TASTE PROFILE DATASET
Total listening records: 48,373,586
Unique users: 1,019,318
Unique songs: 384,546
Total play counts: 138,680,243
Average plays per user-song: 2.87
Median plays per user-song: 1

SONGS METADATA DATASET
Total songs with metadata: 10,000
Unique artists: 4,412
Year range: 0 - 2010
Average duration: 238.51 seconds
Average tempo: 122.92 BPM

DATA OVERLAP
Songs in both datasets: 3,675
Percentage of taste profile songs with metadata: 0.96%


## 3. Manual Save (Optional)

If you made changes to the data and want to save it again, run this cell.

In [14]:
# Save both datasets to pickle format (built-in, efficient, preserves data types)
print("Saving datasets to files...")

# Save taste profile data
taste_profile_file = '../data/taste_profile.pkl'
os.makedirs('../data', exist_ok=True)
taste_profile.to_pickle(taste_profile_file)
print(f"✓ Saved taste profile to: {taste_profile_file}")
print(f"  Size: {len(taste_profile):,} rows")

# Save songs metadata
songs_metadata_file = '../data/songs_metadata.pkl'
songs_metadata.to_pickle(songs_metadata_file)
print(f"✓ Saved songs metadata to: {songs_metadata_file}")
print(f"  Size: {len(songs_metadata):,} rows")

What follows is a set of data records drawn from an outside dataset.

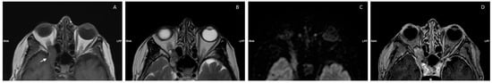 MRI sequences above show pathologic tissue (arrow) growing through the right retrobulbar fat at the apex of the orbit; this involves the inferior orbital fissure and the lateral wall of sphenoid sinus, until it contacts the ipsilateral cavernous sinus. (A) Axial T1 FSE: the lesion appears iso-intense to muscle. (B) Axial T2 weighted: the lesion shows a non-homogeneous signal intensity due to areas of cystic degeneration in the ventral part. (C) DWI: the lesion shows a restriction of the proton density. (D) Fat-saturated contrast-enhanced axial T1 weighted: the lesion shows high enhancement.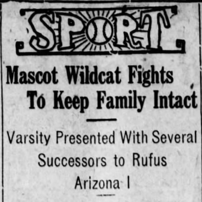 "As the result of a thrilling adventure which befell Stanford Williams, a ferocious mother wildcat and four kittens were captured, the University of Arizona has at last procured a mascot to succeed Rufus Arizona I, peace to his ashes," the Arizona Daily Star reported. "The adventure came about when Mr. Williams, while prospecting in the mountains about 40 miles southwest of here, entered a deserted tunnel and as he was examining the character of the rock, was attracted by a soft mewing, which upon investigation was found to be the ensemble protest of four little wildcats huddled together in the corner of the cave. Mr. Williams caught them, put them in his specimen pocket and carried them to camp."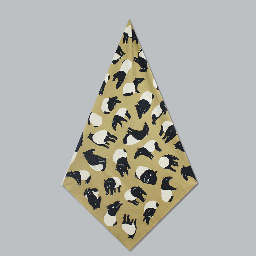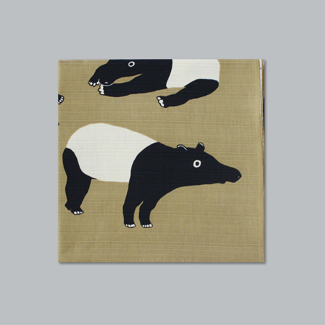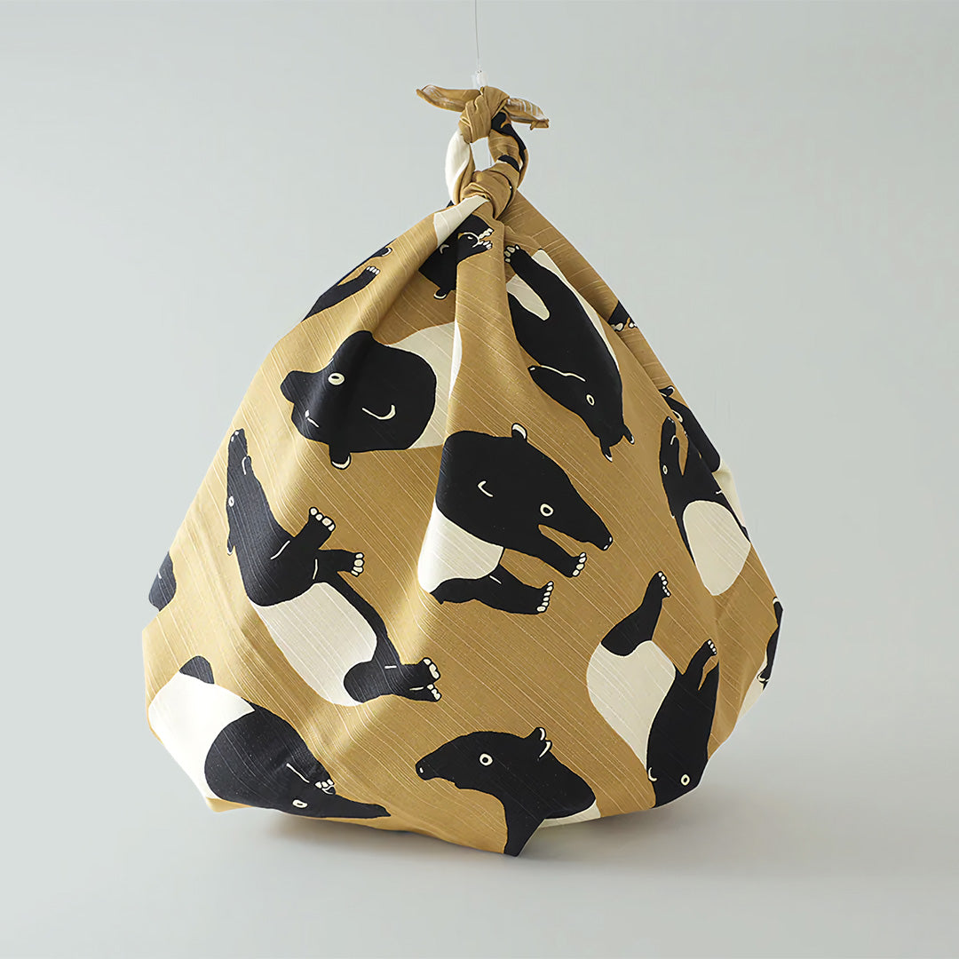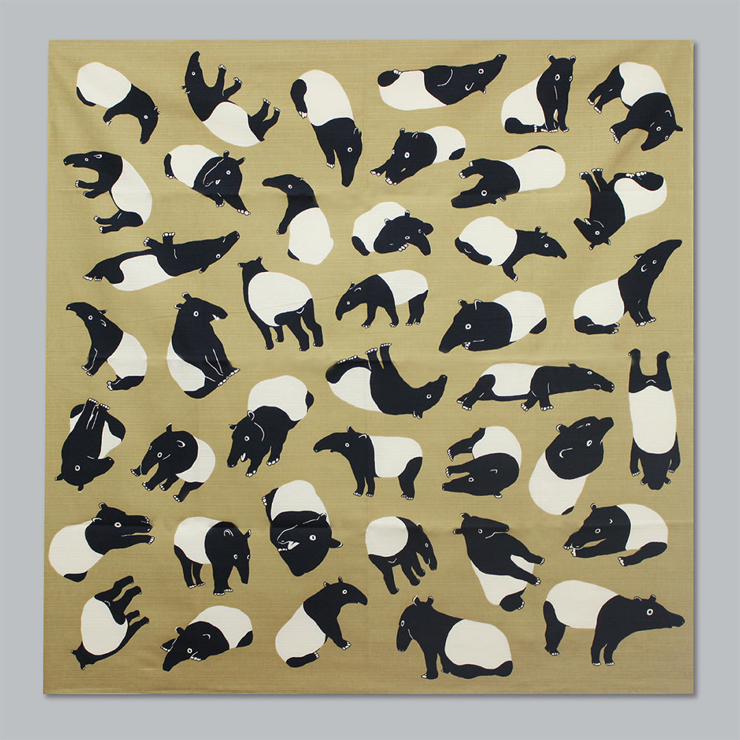 這款約 90 公分大小的風呂敷,以馬來貘為設計主題。傳說中,馬來貘是釋迦牟尼的坐騎,其白色身體象徵被佛祖坐過而潔白;在日本,也有寺廟屋簷下雕刻馬來貘,作為驅邪的象徵。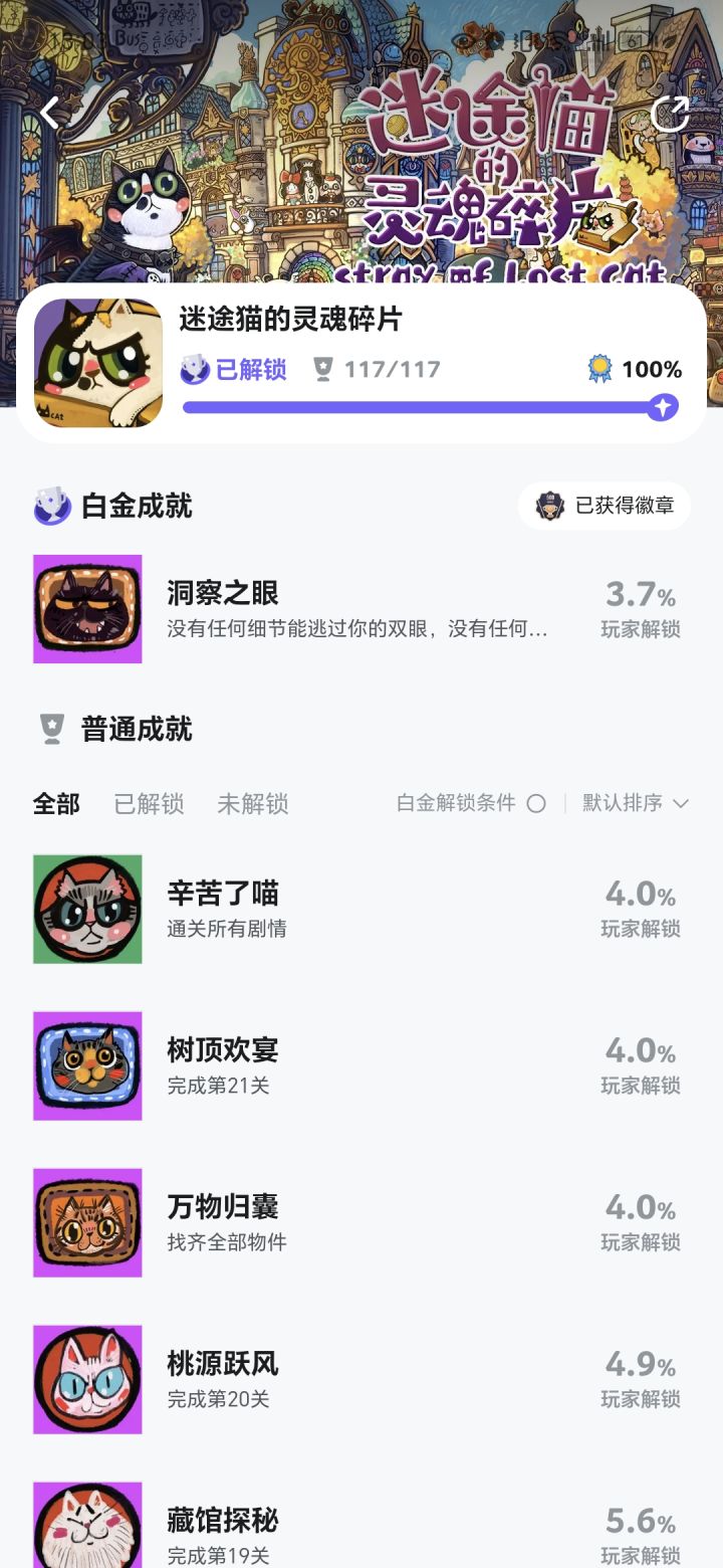 6.6买的迷途猫两部作品,断断续续玩了10个小时通关全部内容,全成就如p1所示😎

print("\nData saved successfully! These files can be loaded quickly in future sessions.")

Saving datasets to files...
✓ Saved taste profile to: ../data/taste_profile.pkl
  Size: 48,373,586 rows
✓ Saved songs metadata to: ../data/songs_metadata.pkl
  Size: 10,000 rows

Data saved successfully! These files can be loaded quickly in future sessions.